§ **PROBLEM DESCRIPTION**
Nothing but the lines from the one with "(9)、清潔衛(wèi)生間" down to the one with "Efflorescence algale dans" should be returned, exactly and with both ends included, from the material below.

(WORKING DATA)

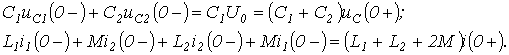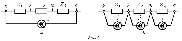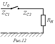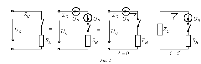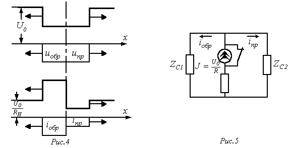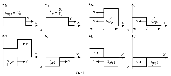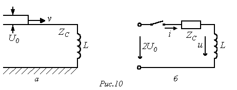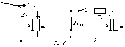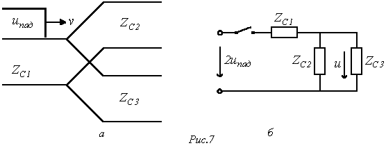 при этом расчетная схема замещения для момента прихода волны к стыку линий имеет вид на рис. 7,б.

(End WORKING DATA)
(WORKING DATA)

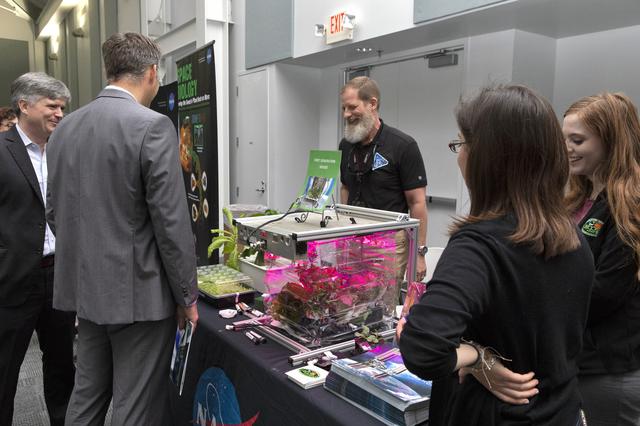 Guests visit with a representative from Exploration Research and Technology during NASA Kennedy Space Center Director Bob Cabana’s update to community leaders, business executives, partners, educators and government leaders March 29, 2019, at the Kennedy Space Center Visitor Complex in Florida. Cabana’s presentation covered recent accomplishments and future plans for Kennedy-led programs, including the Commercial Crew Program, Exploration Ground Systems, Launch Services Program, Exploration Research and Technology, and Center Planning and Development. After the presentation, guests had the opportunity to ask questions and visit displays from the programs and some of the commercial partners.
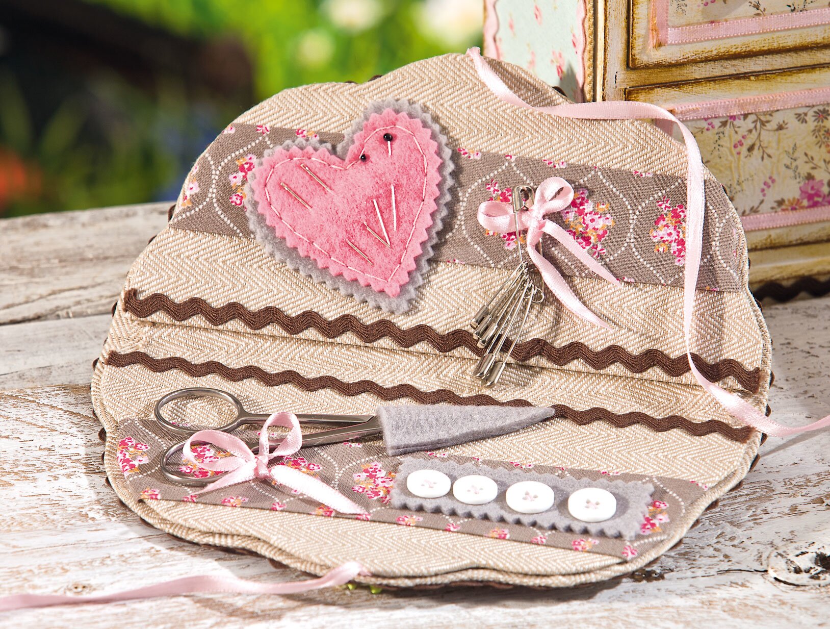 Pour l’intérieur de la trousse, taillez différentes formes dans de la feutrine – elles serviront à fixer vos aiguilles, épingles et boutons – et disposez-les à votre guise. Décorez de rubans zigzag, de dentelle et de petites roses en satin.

(End WORKING DATA)
(WORKING DATA)

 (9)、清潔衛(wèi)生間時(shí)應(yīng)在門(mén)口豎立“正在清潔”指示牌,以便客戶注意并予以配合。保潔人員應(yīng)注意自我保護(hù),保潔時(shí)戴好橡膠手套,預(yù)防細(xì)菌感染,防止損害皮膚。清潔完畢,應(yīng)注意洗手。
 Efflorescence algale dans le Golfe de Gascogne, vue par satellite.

(End WORKING DATA)

§ **FINISHED TASK**
 (9)、清潔衛(wèi)生間時(shí)應(yīng)在門(mén)口豎立“正在清潔”指示牌,以便客戶注意并予以配合。保潔人員應(yīng)注意自我保護(hù),保潔時(shí)戴好橡膠手套,預(yù)防細(xì)菌感染,防止損害皮膚。清潔完畢,應(yīng)注意洗手。
 Efflorescence algale dans le Golfe de Gascogne, vue par satellite.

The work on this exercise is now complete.